Write out the listing below in full and exactly, leaving out every picture.

- DATA SEGMENT -
※ ※ ※

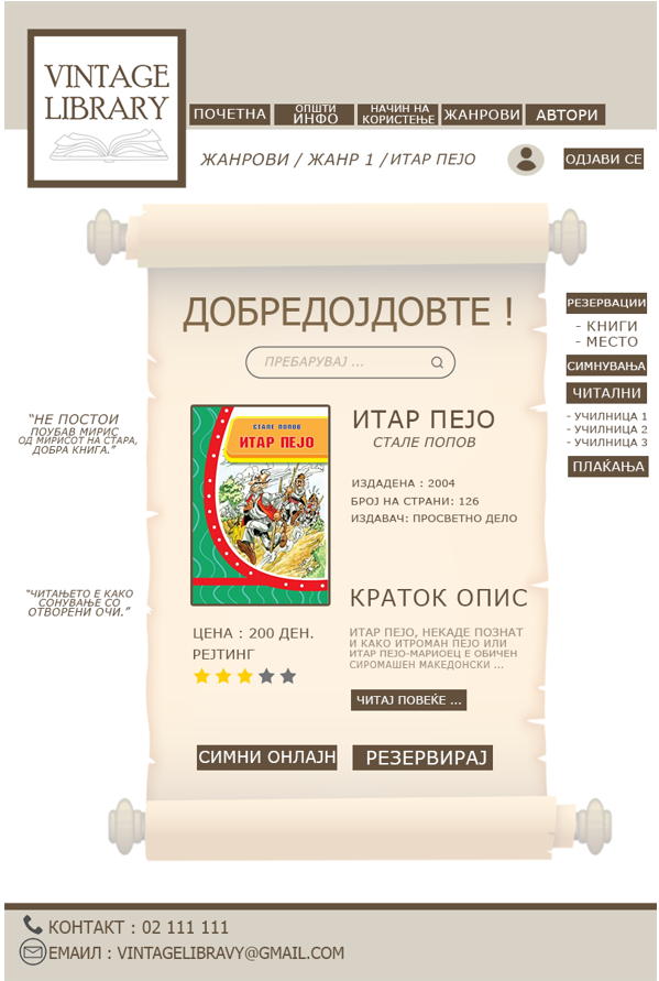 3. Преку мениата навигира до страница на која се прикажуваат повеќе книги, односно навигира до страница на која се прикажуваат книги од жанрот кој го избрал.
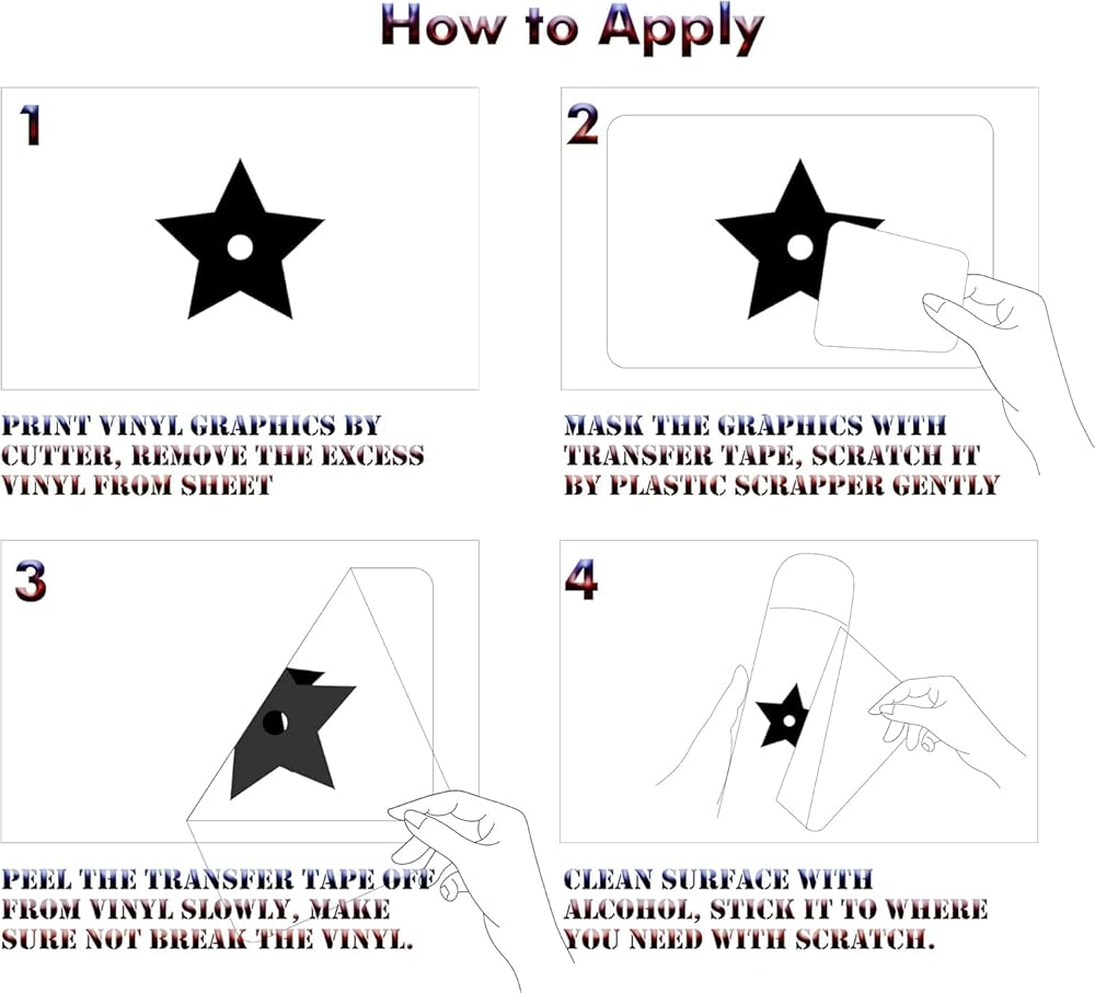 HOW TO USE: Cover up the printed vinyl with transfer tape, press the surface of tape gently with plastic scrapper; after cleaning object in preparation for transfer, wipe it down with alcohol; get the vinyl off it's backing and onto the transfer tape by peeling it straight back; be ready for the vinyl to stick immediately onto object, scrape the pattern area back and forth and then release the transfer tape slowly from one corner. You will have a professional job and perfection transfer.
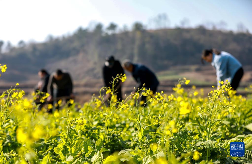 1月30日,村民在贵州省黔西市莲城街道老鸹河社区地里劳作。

※ ※ ※

- EXERCISE SOLUTION -
 3. Преку мениата навигира до страница на која се прикажуваат повеќе книги, односно навигира до страница на која се прикажуваат книги од жанрот кој го избрал.
 HOW TO USE: Cover up the printed vinyl with transfer tape, press the surface of tape gently with plastic scrapper; after cleaning object in preparation for transfer, wipe it down with alcohol; get the vinyl off it's backing and onto the transfer tape by peeling it straight back; be ready for the vinyl to stick immediately onto object, scrape the pattern area back and forth and then release the transfer tape slowly from one corner. You will have a professional job and perfection transfer.
 1月30日,村民在贵州省黔西市莲城街道老鸹河社区地里劳作。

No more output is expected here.